The person sitting behind her seemed to find something in common from her loud replies. He waited till she finished her long call. With a pleasant face he asked her something and they started a new conversation.
Bus was getting busier and busier. More and more people were stuffed into the bus.
To make it feel even busier many people were talking on the phone even when some of them could barely move their hands around. Both male and female voices mixed together to create a strange atmosphere of constant chattering.
Amidst the chaos there was a man sitting by the window who decided to pay respect to all the temples that appeared on the way. Whenever he saw a temple he would bow in reverence as much as he could within the restriction of his seating arrangement, say few words and then touch his forehead to absorb all the positive energy that he had just harnessed.
Then a man sitting at the farther side of the window seat suddenly stood up to spit through the window.
The fashionable pretty girl started to feel self-conscious and uncomfortable as more and more people from the busy crowd started to look at her every now and then.
Another middle-aged lady wearing a vermillion mark on her forehead, sitting facing all the passengers, permanently focussed her attention away from the people and towards the outside.
Those who got bored by spying on the young man's social media feed now started to stare at the outside views with a grave looks on their faces.
A man sitting on a big rod of a strengthening member was dozing off even while sitting uncomfortably facing everyone.
The conversation between the stranger man and the lady wearing red saree had died some time ago. They had become the strangers they were before, again.
Amidst all the chaos and noise, I also dozed off blissfully keeping my attention away from everything that was wrong, like everyone else because that's how it was done here!

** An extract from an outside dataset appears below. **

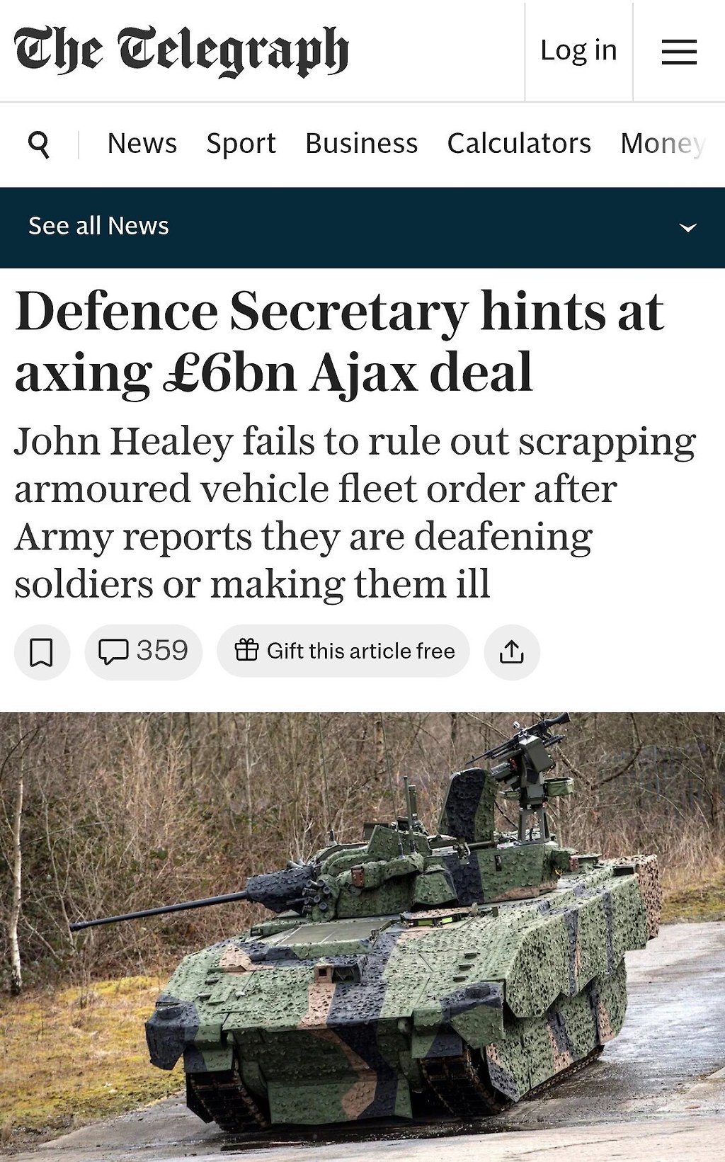 영국이 1971년에 도입한 CVR(T) 장갑차들을 대체하기 위해 2014년부터 시작한 ajax 정찰 장갑차 프로젝트 BBC에 따르면 이 프로젝트에 63억 파운드 썼다고 하는데 최근 영국 언론들이 이 프로젝트 대차게 까기 시작

This bus journey is not a work of fiction. The incidents mentioned in this 3 part series have really happened, though the interpretations of the observations made are my personal opinions.
This bus journey is a symbol, a representation, a cross-section of a country. Since India is a vast country with more than 1 billion people, generalisations mostly never work. Due to the very reasons, you will find both good and bad, kindness and contradictions, and all kinds of yin and yan wherever you decide to look.
Every such journey, if you observe carefully will reveal some of the cultural intricacies ingrained in all of us as a society. Calling it good or bad based on our limited experience in the world might not do justice. All we can do is to observe and try to understand the differences.
I will be grateful to know your feedback on this. Looking forward to your ideas and thoughts on this.